Machine Vision and Deep Learning for Classification of Radio SETI Signals

Abstract: We apply classical machine vision and machine deep learning methods to prototype signal classifiers for the search for extraterrestrial intelligence. Our novel approach uses two-dimensional spectrograms of measured and simulated radio signals bearing the imprint of a technological origin. The studies are performed using archived narrow-band signal data captured from real-time SETI observations with the Allen Telescope Array and a set of digitally simulated signals designed to mimic real observed signals. By treating the 2D spectrogram as an image, we show that high quality parametric and non-parametric classifiers based on automated visual analysis can achieve high levels of discrimination and accuracy, as well as low false-positive rates. The (real) archived data were subjected to numerous feature-extraction algorithms based on the vertical and horizontal image moments and Huff transforms to simulate feature rotation.
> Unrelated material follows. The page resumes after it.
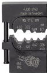
Die, for Crimpfox-M, for coaxial connectors (BNC/TNC) RG 58/ 59/ 62/ 71, packed in a serial storage box

Please be informed that the data shown in this PDF Document is generated from our Online Catalog. Please find the complete data in the user's documentation. Our General Terms of Use for Downloads are valid ( http://phoenixcontact.com/download )

The most successful algorithm used a two-step process where the image was first filtered with a rotation, scale and shift-invariant affine transform followed by a simple correlation with a previously defined set of labeled prototype examples. The real data often contained multiple signals and signal ghosts, so we performed our non-parametric evaluation using a simpler and more controlled dataset produced by simulation of complex-valued voltage data with properties similar to the observed prototypes. The most successful non-parametric classifier employed a wide residual (convolutional) neural network based on pre-existing classifiers in current use for object detection in ordinary photographs. These results are relevant to a wide variety of research domains that already employ spectrogram analysis from time-domain astronomy to observations of earthquakes to animal vocalization analysis.